Task brief. Locate, in the data below, the line that contains "Sandre meunière au" and the line that contains "DATES DE PERMANENCE"; reproduce exactly those two lines and every line between them, nothing more.

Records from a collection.
::::::
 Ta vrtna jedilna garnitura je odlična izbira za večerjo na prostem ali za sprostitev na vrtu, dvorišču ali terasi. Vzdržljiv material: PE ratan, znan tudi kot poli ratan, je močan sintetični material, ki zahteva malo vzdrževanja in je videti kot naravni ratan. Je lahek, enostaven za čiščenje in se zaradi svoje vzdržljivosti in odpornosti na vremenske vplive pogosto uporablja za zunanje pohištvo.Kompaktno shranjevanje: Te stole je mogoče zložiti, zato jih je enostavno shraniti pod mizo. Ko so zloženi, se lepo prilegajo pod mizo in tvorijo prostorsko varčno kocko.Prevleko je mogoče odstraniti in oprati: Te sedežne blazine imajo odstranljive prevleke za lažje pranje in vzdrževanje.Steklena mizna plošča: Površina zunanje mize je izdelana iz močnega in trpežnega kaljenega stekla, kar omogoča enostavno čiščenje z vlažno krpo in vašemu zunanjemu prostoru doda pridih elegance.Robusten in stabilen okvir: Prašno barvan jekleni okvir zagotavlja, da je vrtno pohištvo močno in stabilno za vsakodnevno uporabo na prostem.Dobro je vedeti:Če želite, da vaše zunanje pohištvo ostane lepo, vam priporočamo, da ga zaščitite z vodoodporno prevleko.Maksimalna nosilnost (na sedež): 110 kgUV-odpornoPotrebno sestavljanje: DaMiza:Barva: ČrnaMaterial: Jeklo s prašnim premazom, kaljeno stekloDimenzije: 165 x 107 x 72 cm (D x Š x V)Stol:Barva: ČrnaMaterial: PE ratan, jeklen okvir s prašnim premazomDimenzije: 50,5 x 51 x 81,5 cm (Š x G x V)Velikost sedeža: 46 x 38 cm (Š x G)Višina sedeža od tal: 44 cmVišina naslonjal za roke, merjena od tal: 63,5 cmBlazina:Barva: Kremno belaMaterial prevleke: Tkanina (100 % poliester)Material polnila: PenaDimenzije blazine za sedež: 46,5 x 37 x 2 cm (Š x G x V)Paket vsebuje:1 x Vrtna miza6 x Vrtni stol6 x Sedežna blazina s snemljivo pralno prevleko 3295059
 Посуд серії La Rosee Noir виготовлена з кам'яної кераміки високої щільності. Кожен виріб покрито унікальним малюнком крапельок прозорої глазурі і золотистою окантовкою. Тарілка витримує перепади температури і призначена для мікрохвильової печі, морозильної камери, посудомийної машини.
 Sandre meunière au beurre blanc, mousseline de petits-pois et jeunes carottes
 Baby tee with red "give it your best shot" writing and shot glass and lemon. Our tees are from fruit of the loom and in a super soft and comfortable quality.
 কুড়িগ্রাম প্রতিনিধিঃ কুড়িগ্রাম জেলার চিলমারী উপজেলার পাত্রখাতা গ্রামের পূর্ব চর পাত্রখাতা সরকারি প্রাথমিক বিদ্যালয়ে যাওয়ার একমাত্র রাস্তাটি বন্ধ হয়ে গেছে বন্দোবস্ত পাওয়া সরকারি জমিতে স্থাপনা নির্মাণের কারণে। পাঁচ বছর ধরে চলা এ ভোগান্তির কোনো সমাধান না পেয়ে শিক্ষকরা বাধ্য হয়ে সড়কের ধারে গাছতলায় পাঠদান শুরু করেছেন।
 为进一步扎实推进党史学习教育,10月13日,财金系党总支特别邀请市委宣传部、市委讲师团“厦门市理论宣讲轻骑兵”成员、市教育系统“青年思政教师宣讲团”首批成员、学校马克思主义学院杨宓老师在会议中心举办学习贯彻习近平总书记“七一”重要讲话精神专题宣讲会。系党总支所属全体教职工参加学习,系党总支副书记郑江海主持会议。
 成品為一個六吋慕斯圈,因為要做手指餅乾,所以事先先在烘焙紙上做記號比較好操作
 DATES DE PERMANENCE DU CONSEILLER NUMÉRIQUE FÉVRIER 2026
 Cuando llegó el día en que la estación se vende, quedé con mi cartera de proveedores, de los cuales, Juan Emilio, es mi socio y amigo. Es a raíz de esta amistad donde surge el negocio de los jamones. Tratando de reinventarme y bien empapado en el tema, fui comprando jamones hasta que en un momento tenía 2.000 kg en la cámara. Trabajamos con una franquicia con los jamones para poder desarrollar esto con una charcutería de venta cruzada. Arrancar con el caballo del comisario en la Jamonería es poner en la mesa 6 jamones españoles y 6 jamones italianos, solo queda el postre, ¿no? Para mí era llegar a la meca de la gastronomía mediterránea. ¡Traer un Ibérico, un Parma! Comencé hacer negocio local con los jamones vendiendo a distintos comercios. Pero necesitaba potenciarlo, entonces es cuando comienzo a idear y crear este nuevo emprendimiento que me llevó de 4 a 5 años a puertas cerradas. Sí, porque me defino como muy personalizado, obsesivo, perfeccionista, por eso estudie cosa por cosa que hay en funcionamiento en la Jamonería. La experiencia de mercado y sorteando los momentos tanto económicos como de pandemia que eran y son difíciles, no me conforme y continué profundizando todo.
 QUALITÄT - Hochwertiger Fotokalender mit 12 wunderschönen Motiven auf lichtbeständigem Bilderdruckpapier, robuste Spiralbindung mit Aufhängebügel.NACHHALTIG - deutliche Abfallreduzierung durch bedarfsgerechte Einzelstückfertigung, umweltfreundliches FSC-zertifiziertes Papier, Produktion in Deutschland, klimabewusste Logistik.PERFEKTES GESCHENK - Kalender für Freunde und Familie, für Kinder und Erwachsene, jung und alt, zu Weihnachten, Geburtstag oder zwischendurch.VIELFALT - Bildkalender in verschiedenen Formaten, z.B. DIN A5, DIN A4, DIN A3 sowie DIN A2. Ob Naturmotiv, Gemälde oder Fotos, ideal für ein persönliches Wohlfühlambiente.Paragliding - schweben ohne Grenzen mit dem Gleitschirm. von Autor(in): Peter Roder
::::::
Task output.
 Sandre meunière au beurre blanc, mousseline de petits-pois et jeunes carottes
 Baby tee with red "give it your best shot" writing and shot glass and lemon. Our tees are from fruit of the loom and in a super soft and comfortable quality.
 কুড়িগ্রাম প্রতিনিধিঃ কুড়িগ্রাম জেলার চিলমারী উপজেলার পাত্রখাতা গ্রামের পূর্ব চর পাত্রখাতা সরকারি প্রাথমিক বিদ্যালয়ে যাওয়ার একমাত্র রাস্তাটি বন্ধ হয়ে গেছে বন্দোবস্ত পাওয়া সরকারি জমিতে স্থাপনা নির্মাণের কারণে। পাঁচ বছর ধরে চলা এ ভোগান্তির কোনো সমাধান না পেয়ে শিক্ষকরা বাধ্য হয়ে সড়কের ধারে গাছতলায় পাঠদান শুরু করেছেন।
 为进一步扎实推进党史学习教育,10月13日,财金系党总支特别邀请市委宣传部、市委讲师团“厦门市理论宣讲轻骑兵”成员、市教育系统“青年思政教师宣讲团”首批成员、学校马克思主义学院杨宓老师在会议中心举办学习贯彻习近平总书记“七一”重要讲话精神专题宣讲会。系党总支所属全体教职工参加学习,系党总支副书记郑江海主持会议。
 成品為一個六吋慕斯圈,因為要做手指餅乾,所以事先先在烘焙紙上做記號比較好操作
 DATES DE PERMANENCE DU CONSEILLER NUMÉRIQUE FÉVRIER 2026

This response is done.